* [TASK DIRECTIONS]
Once the line holding "This round neck" is found in the entries below, transcribe exactly every line up to and including the one holding "Trong khi cô", but leave out the pictures.

* [RECORDED DATA]
%%
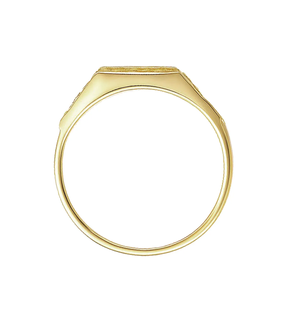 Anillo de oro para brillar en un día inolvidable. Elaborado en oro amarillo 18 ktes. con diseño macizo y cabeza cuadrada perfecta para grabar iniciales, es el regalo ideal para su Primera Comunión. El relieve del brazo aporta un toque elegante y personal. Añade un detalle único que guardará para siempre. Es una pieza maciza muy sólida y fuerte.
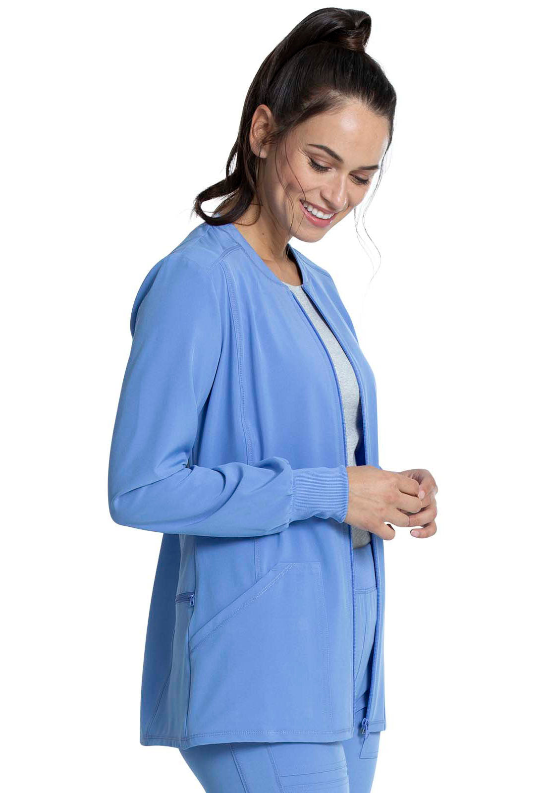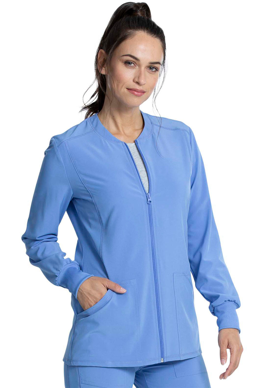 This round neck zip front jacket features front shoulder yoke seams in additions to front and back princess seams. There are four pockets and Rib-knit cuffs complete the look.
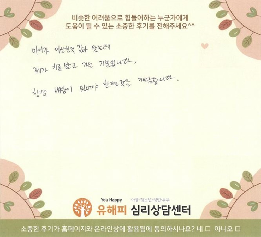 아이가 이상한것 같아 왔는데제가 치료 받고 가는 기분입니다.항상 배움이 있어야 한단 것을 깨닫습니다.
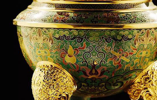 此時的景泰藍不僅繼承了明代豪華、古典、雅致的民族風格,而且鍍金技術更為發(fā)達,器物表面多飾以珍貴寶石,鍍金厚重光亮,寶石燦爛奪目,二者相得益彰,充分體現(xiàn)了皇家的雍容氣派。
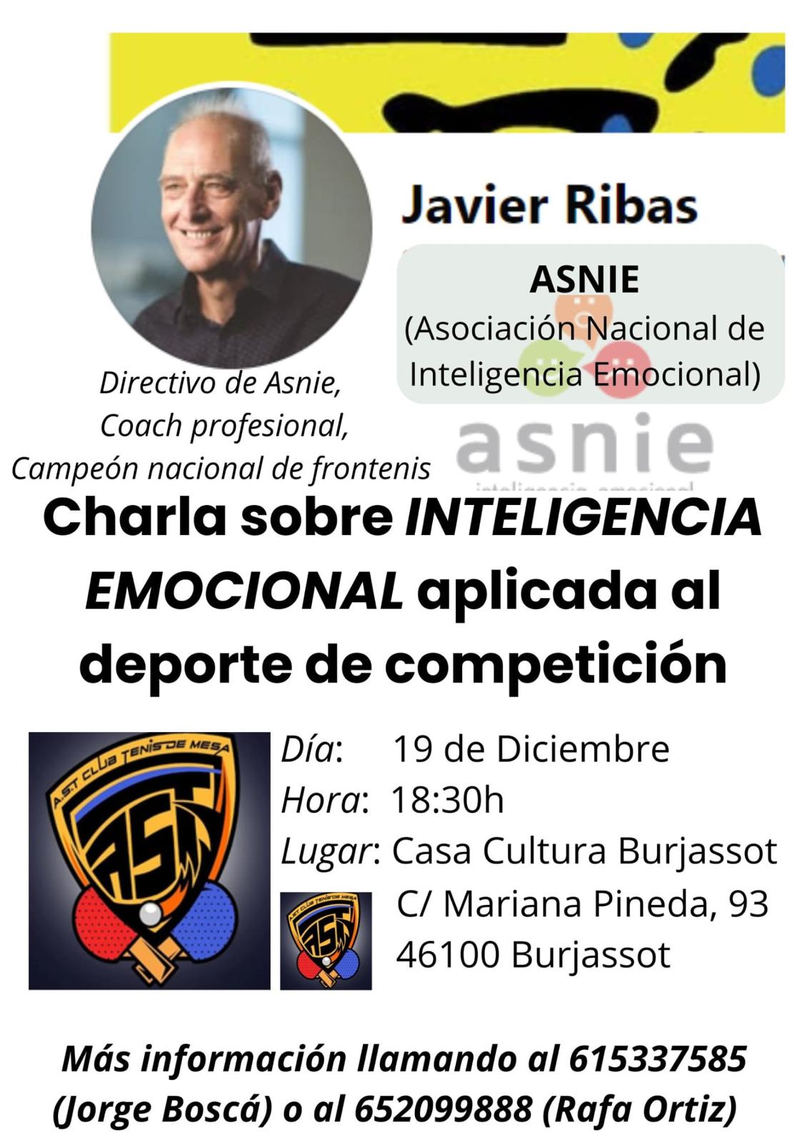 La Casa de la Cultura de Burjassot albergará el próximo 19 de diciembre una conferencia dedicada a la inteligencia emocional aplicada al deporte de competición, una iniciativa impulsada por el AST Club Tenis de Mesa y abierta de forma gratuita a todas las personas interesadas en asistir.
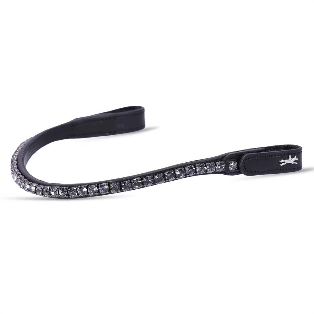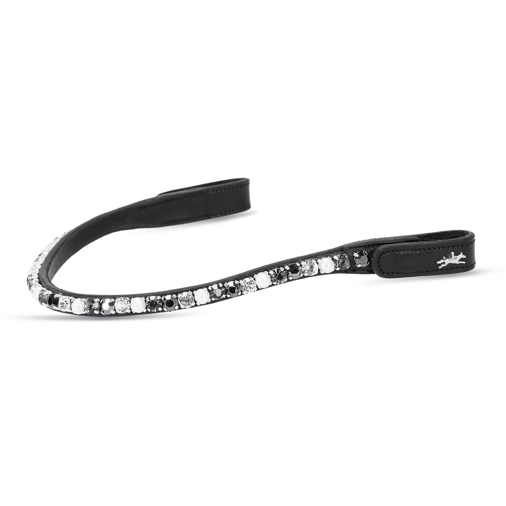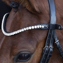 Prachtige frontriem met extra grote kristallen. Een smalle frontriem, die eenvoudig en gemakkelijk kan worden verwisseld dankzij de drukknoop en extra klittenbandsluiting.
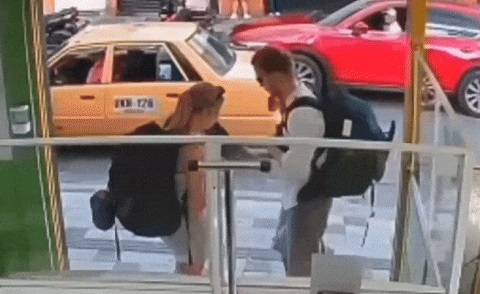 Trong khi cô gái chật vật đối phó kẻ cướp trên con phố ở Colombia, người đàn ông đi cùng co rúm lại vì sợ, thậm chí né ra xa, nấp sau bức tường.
%%
%%
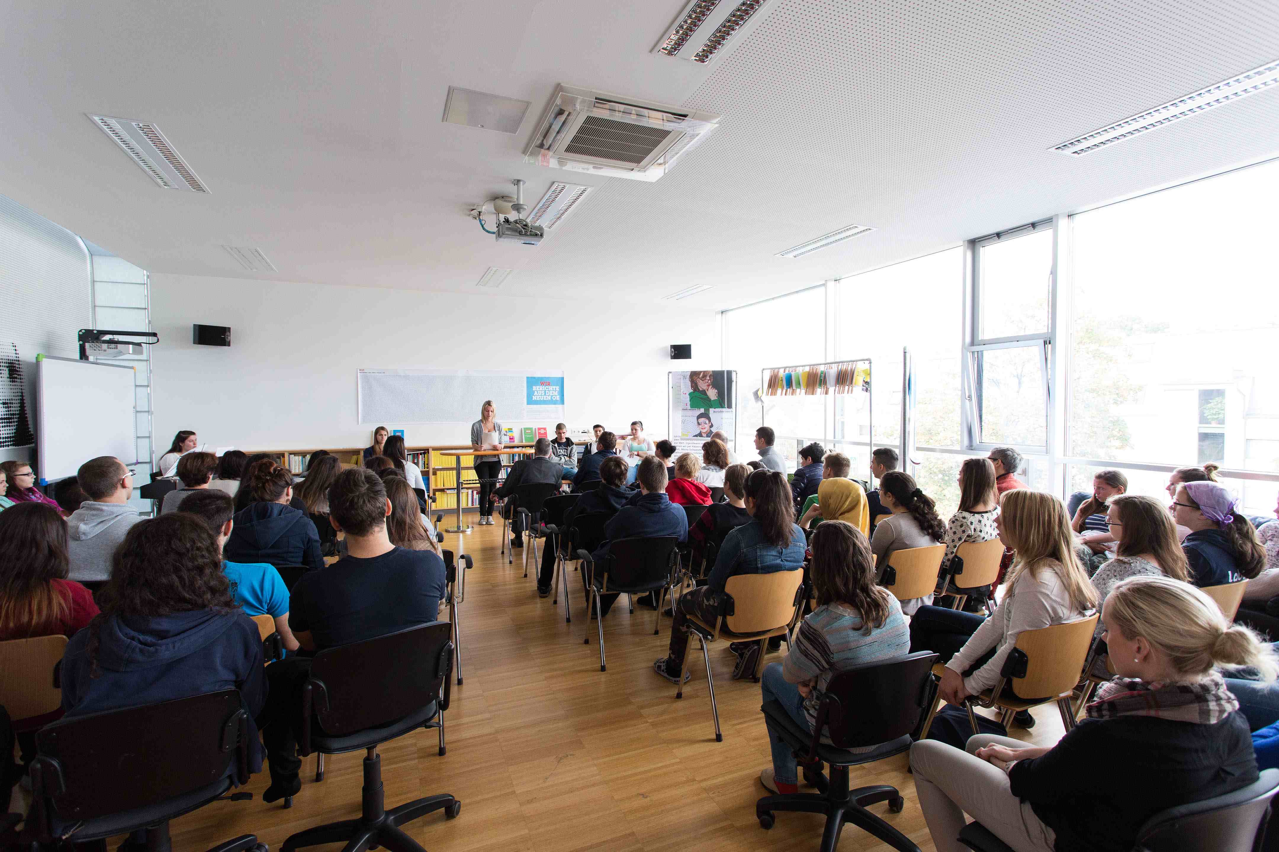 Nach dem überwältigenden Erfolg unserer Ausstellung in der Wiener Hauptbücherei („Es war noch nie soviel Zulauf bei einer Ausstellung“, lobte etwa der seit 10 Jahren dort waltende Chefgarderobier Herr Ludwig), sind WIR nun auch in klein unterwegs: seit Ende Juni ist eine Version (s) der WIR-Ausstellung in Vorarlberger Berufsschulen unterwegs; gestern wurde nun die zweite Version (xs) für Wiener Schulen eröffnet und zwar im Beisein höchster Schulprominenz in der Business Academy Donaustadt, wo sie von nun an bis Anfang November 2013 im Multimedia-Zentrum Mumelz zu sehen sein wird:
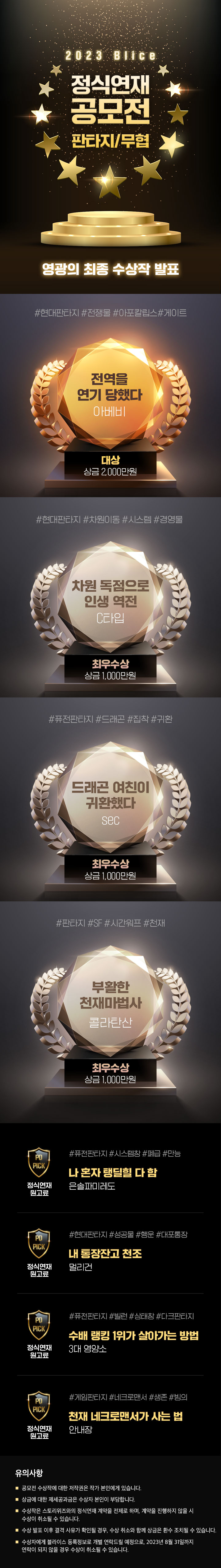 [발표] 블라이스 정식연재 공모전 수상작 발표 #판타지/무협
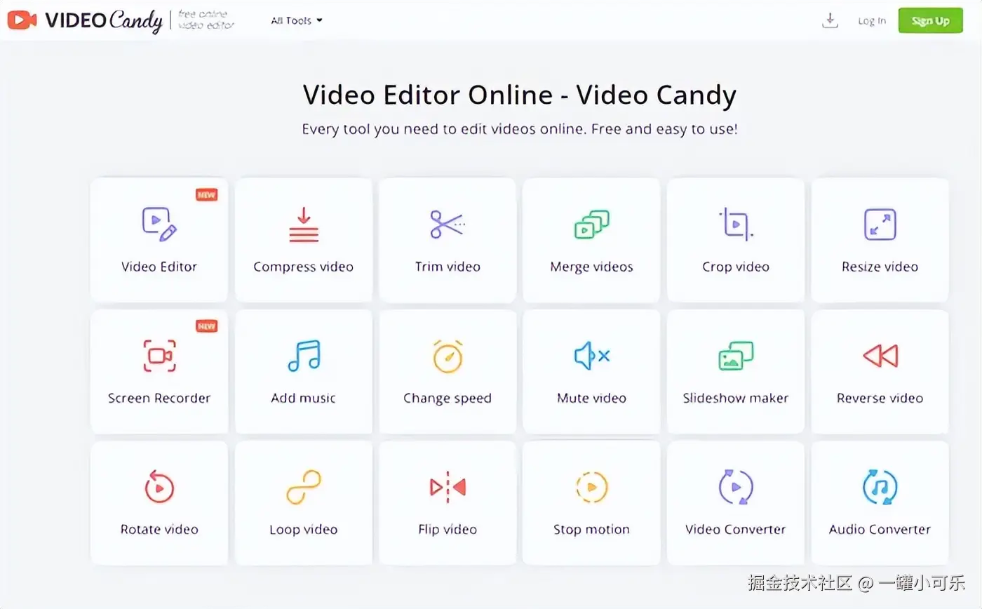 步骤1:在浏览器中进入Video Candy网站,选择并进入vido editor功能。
%%
* [TASK ANSWER]
 This round neck zip front jacket features front shoulder yoke seams in additions to front and back princess seams. There are four pockets and Rib-knit cuffs complete the look.
 아이가 이상한것 같아 왔는데제가 치료 받고 가는 기분입니다.항상 배움이 있어야 한단 것을 깨닫습니다.
 此時的景泰藍不僅繼承了明代豪華、古典、雅致的民族風格,而且鍍金技術更為發(fā)達,器物表面多飾以珍貴寶石,鍍金厚重光亮,寶石燦爛奪目,二者相得益彰,充分體現(xiàn)了皇家的雍容氣派。
 La Casa de la Cultura de Burjassot albergará el próximo 19 de diciembre una conferencia dedicada a la inteligencia emocional aplicada al deporte de competición, una iniciativa impulsada por el AST Club Tenis de Mesa y abierta de forma gratuita a todas las personas interesadas en asistir.
 Prachtige frontriem met extra grote kristallen. Een smalle frontriem, die eenvoudig en gemakkelijk kan worden verwisseld dankzij de drukknoop en extra klittenbandsluiting.
 Trong khi cô gái chật vật đối phó kẻ cướp trên con phố ở Colombia, người đàn ông đi cùng co rúm lại vì sợ, thậm chí né ra xa, nấp sau bức tường.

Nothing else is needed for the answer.